Our students are the centre of the experience for us in the B²C Lab. Working together first-hand with a principal investigator and an industry partner students learn new skills in working with the ATSC 3.0 standard as well as convergence research with other global data delivery standards such as WiFi and 5G. Tasks for students are multi-disciplinary, and can include creating television and datacasting (IoT) applications, RF engineering, wireless communications, network solutions, web development coding, creative content creation, software engineering, conformance testing, and specific research areas driven through industry innovation. The experience can bring benefits that can lead to exciting new 'greenfield' career opportunities with the new 3.0 standard.
Participation in ATSC
The Advanced Television Systems Committee, Inc. (ATSC) is an international, non-profit organization and standards development organization (SDO) developing voluntary standards for digital television.

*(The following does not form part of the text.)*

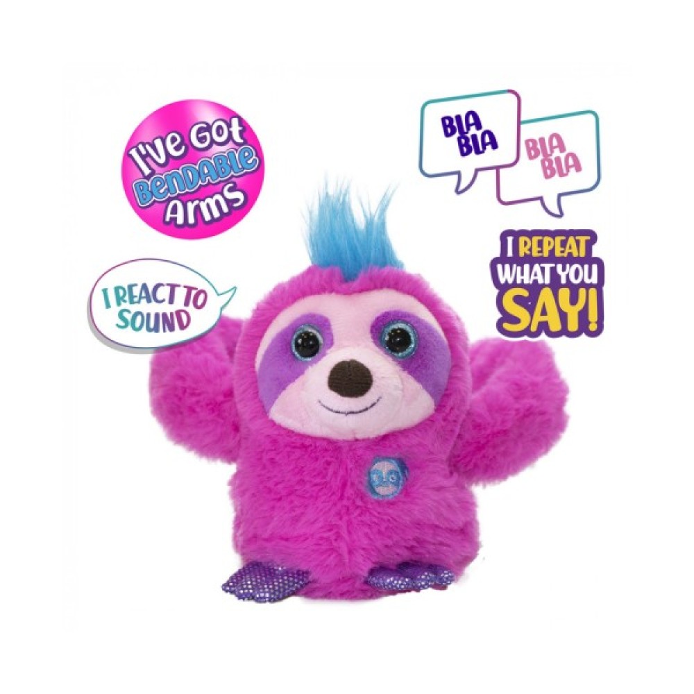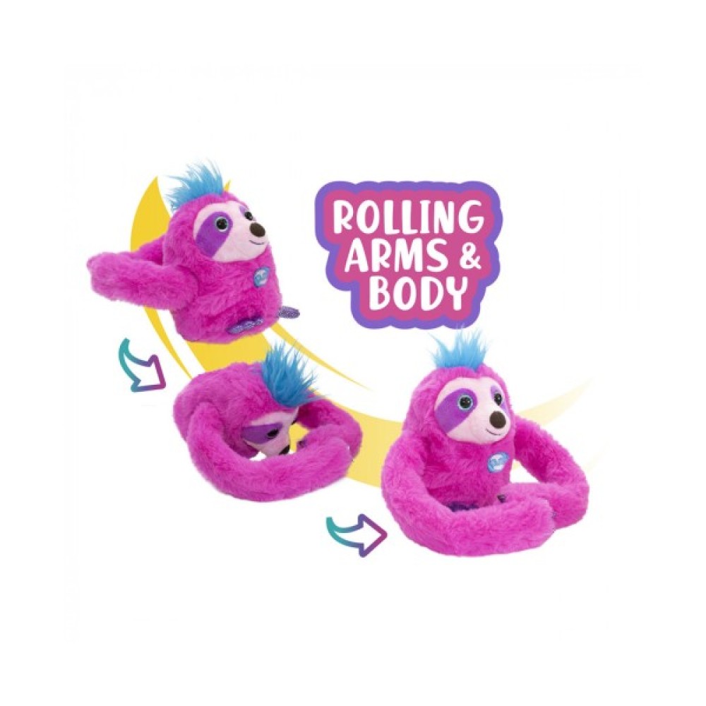 Рожевий лінивець Слоуї – найшвидший обіймач у джунглях! Його гнучкі руки дозволяють повісити його будь-де! Здивуйте своїх друзів його веселими рухами! Він падає і котиться, рухаючись уперед і назад! Найчарівніший лінивець, з яким можна грати!

The ATSC member organizations represent the broadcast, broadcast equipment, motion picture, consumer electronics, computer, cable, satellite, and semiconductor industries. ATSC is defining the future of television with the ATSC 3.0 next-generation broadcast standard (atsc.org). ATSC's mission is to create and foster implementation of voluntary standards and recommended practices to advance terrestrial digital television broadcasting, and to facilitate interoperability with other media.
Humber’s membership with ATSC allows the institution to have representatives participate in the various ATSC planning, specialty and implementation teams to support their research and develop critical industry marketplace skills. The B²C Lab staff and research teams actively participate in the ATSC standards development. Students working in the lab as research assistants are also able to actively engage in the standards development process and see how professional groups of people organize, work, filter information and see how consensus is reached by an inter-disciplinary group.
Standards development is a team sport and understanding how a group gets things done is a great skill. Through ATSC participation, students gain unique experience in developing strategies for promoting ideas within a professional group and are able to observe group leaders in action and learn which strategies work well and which don’t for facilitating alignment towards a common goal. Students can also learn from industry experts as they discuss the possibilities and ramifications of new technologies, including technical and commercial facets of a decision.